I used to do the freehand routine, and got very good results, and after finishing with the finest stone I had available, finished on a jelly jar to remove all the stone marks. later I was able to get sheets of .025 and 050 thick Aluminum oxide substrate material, polished and unpolished from where I work and used that. My dd got mad at me once when he borrowed my pocket knife to strip some wire back, as he used the "roll it on you thumb" method. He cut his thumb to ribbons on the razor sharp edge, and didn't realize it until he cut a little deeper, and discovered he had a half dozen somewht parallel cuts or more...
Why use the glass to "polish" the edge?

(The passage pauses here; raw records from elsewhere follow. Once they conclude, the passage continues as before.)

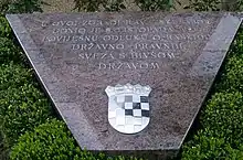 ![]() The memorial plaque in front of the building where independence was proclaimed by the Sabor | |
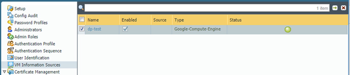 - Verify the connection status.If the connection status is pending or disconnected, verify that the source is operational and that the firewall is able to access the source. If you use a port other than the Management (MGT) port for communicating with the monitored source, then you must change the service route (select DeviceSetupServices, click Service Route Configuration, and modify the Source Interface for the VM Monitor service).
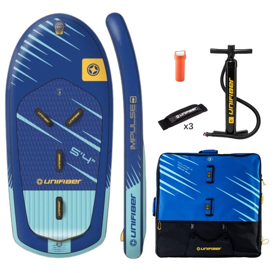 Unifiber Impulse Allround Wing Foil FCD 5'4 to pompowana deska wing foil w jednym rozmiarze dedykowana dla początkujących i średniozaawansowanych. Duża szerokość, rewelacyjna technologia konstrukcyjna Fusion Composite Dropstich zapewnia świetną wytrzymałość i możliwość pompowania nawet do 20 psi. Dodatkowej sztywności dostarcza płyta foil track z Carbonu, do której mocuje się foila. Wymiary: 163x72x12 cm. Objętość: 110 l. W zestawie m.in. leash
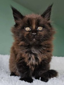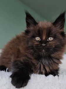 Even at just a few months old, Dendy displays all the hallmark traits of Maine Coon kittens—robust size, expressive green eyes, and a curious, spirited personality. Whether he’s leaping after a toy or curling up beside you for a nap, Dendy brings both playful energy and soothing purrs to every moment.
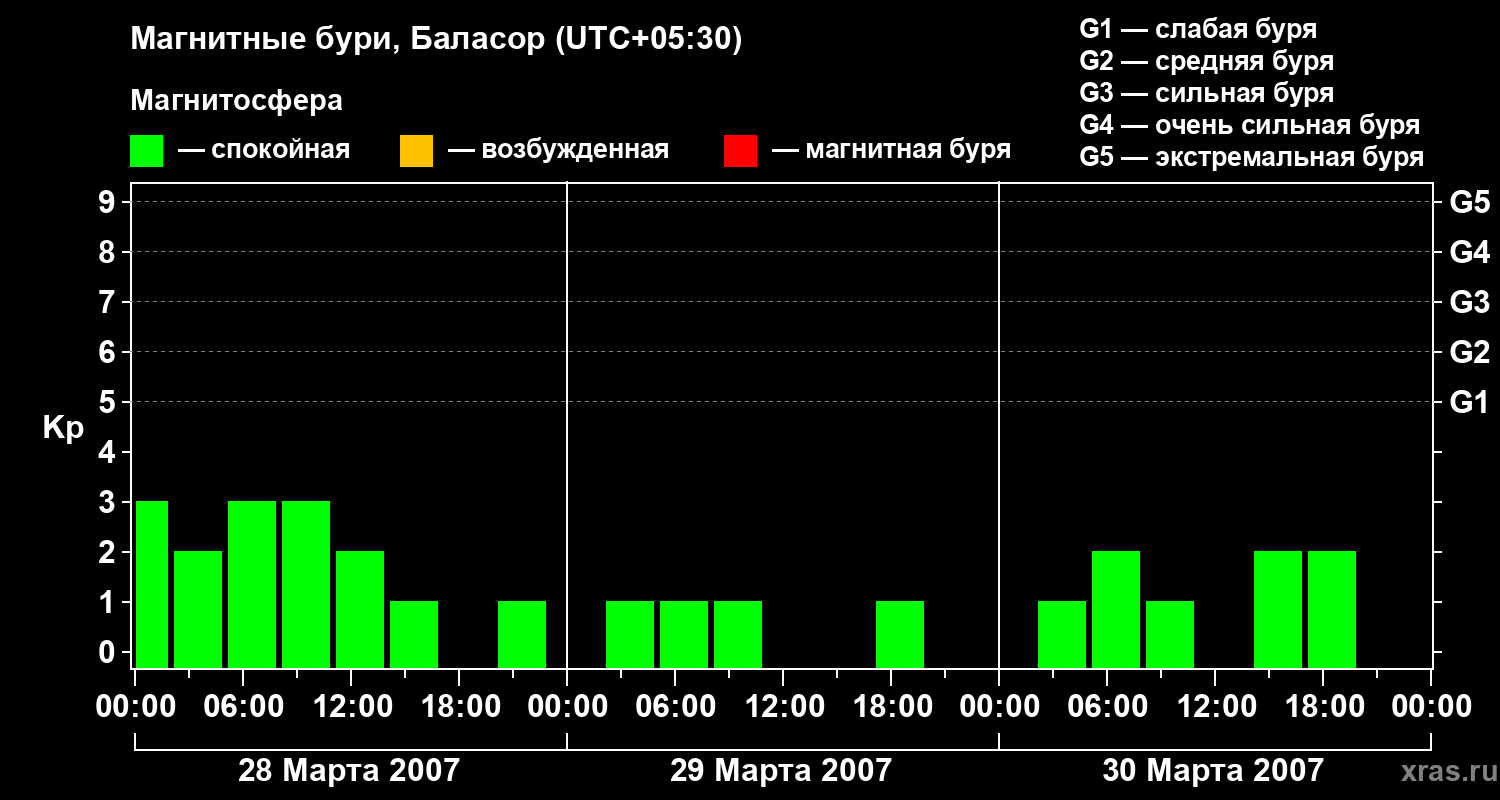 Магнитные бури в Баласоре — 30 марта 2007 года
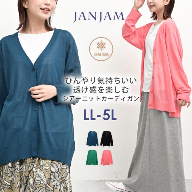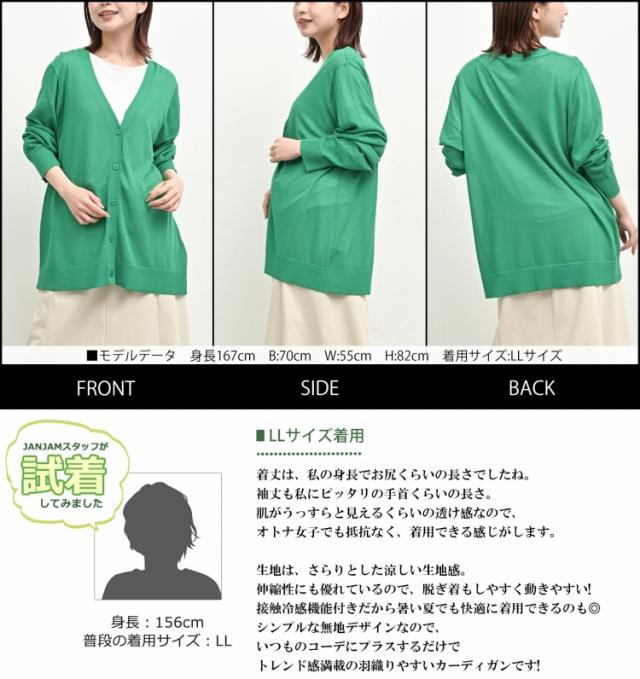 大きいサイズ レディース シアーニットカーディガン 長袖 メール便送料無料 Vネック 接触冷感 羽織り トップス LL/3L/4L/5L ゆったりサイズ ぽっちゃり女子 プラスサイズ
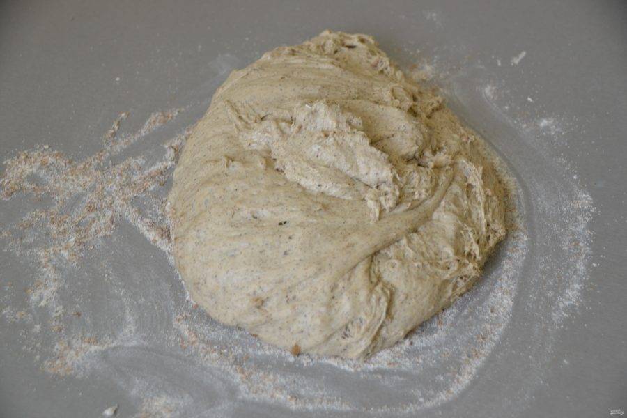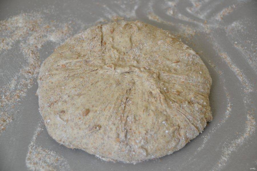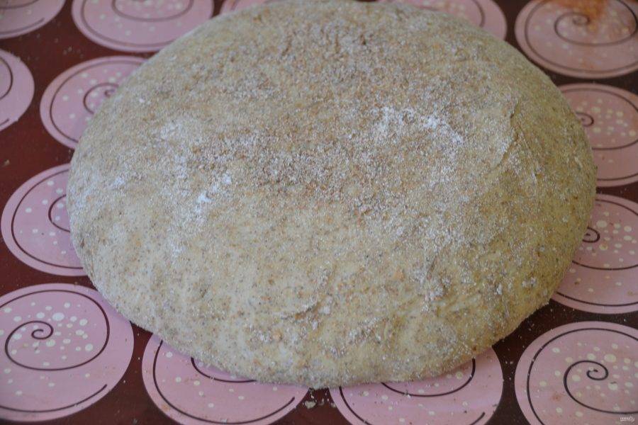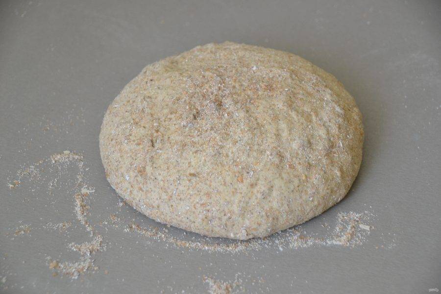 Рабочую поверхность стола присыпьте смесью отрубей с мукой и выложите тесто.

A smoother edge lasts longer, and you can really see the difference if you look at an edge under a microscope. an unpolished edge has a real saw tooth look to it,especially with conventional slice or honing motions, and even a shallow slide action will minimize this but not eliminate it.
For while I also used the Fiskars mini crock stick pull through sharpeners (handle grip and smaller key-chain thumb grip) to finish off the edges, and I still keep a key-chain version in my hunting/camping fanny pack for in the field touch-ups. I'm not sure these small key chain units are still available from Fiskars, but they are worth getting of you can find them. Smith's also sells similar units, including one that is adjustable for angle
Lately I've gotten lazy and use the Smiths and Frost Cutlery BladeMaster Sharpening Fixtures, as I can get an exact edge angle without any effort. Of the two I like the Blade Master better overall, as it has four angles available, (15, 19, 24 & 29 deg.), compared to The Smith's 2 angles (20 & 25), however I have more different stone types in Smiths; but I can mix and match the stones since they are both rod controlled systems.
I will usually start with a very sharp angle to get the blade thickness near the edge thin, then in most cases give a final more durable edge at a slightly less sharp angle.